“An imagination is a terrible thing to waste!”
Tracey (the therapist) Ally McBeal
Zzzzz…following 3 nights of not nearly enough sleep, I’m so tired I can’t think straight. Finding my happy feelings when I’m this exhausted can sometimes be a struggle, but not so today, as I had a plan…and more importantly an overactive imagination.
This morning, I put pen (well actually, pencil) to paper and I wrote out a plan of action for my dream life in my journal. As you know – if you’ve been reading my blog for a while…if you haven’t, welcome! – my dream is to live in Australia. But, at the moment, I have no idea how I could ever make that happen and the space in between where I am and where I want to get to currently looks like a gaping canyon.
However, instead of feeling daunted, worried (and all those other unhelpful negative emotions it would be so easy to let myself feel) I have chosen instead to feel positive, happy and excited about my dream. After all, I trust that the Universe will find me a way to get across that deep, dark hole.
So, to give the Universe a helping hand, I thought it would be a good idea to get really clear about my dream and write down what needs to happen for me to get there.

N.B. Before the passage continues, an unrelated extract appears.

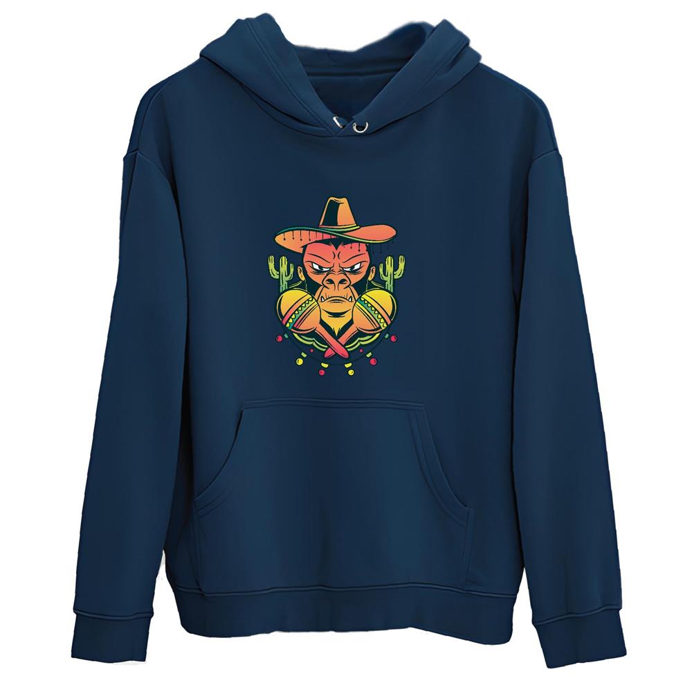 Mexican Gorilla Gift for Culture Lovers Unique Maracas Holding Gorilla Design Navy and Muticolor Unisex Hoodie

This is what I started with:
I am happy and healthy, and so grateful to be living in Australia. I have plenty of money coming in each month to live my dream life and do all of the things that I love to do.
Writing in the present tense makes is easier to imagine that it has already happened. Now for the fun part… I wrote out a detailed guide of all the stages I will have to go through, as if they had already been accomplished. If was like writing a massive to-do-list, without having to worry about doing any of it, as, in my imagination, it had already been done.
First up is:
I am feeling really healthy and strong and have more than enough energy to do anything I want to do.

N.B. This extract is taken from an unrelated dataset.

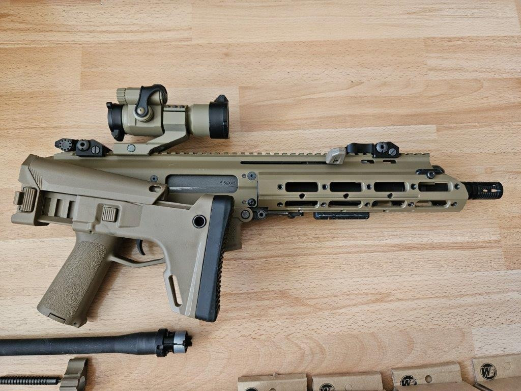 Prodám WE Masada GBB v barvě FDE. Osazená kratší hlavní na CQB. K ní 5 skoro nových zásobníků. Mechanická mířidla, původní hlaveň (vnější i vnitřní s hop komorou). Spousta ND (gumičky, housing spoušťáku, závěr (není nový), gumičky, těsnění, pův. flash hider... Asi nejhezčí flinta ale už dlouho nehraju a začíná to doma překážet. Takže prosím nenabízet výměnu. Kolimátor NENÍ součástí prodeje (resp. po dohodě).

Further down the list, things like getting a visa is easy and effortless in my imagination:
I’ve just heard that my visa to live in Australia permanently has been approved. Yipppee!!
See, piece of cake! 🙂
As I wrote out each stage, my enthusiasm and happiness grew, until I was feeling joyful and so very grateful for this wonderful dream life of mine. I honestly had so much fun…and I got all this from the comfort of my sofa!

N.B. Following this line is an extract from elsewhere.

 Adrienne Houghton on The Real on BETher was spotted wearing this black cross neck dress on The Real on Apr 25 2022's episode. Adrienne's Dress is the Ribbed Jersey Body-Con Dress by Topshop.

Image source: http://www.fanpop.com
So, for now, I will just continue on my journey of gratitude, feeling blessed and happy for the amazing life I already have and I’ll let the Universe take care of the rest.
Day 176, Reason 176: Today I am so grateful for my overactive imagination and for my dream, which somewhere out there in the Universe is winging it’s way to me.
189 days to go
189 reasons to feel glad/happy/joyful to find
£38.68 to raise for Save the Children – So nearly there to reach my target to raise £365 for 365 days of finding 365 reasons to feel glad/happy/joyful!
Thank you from the bottom of my heart.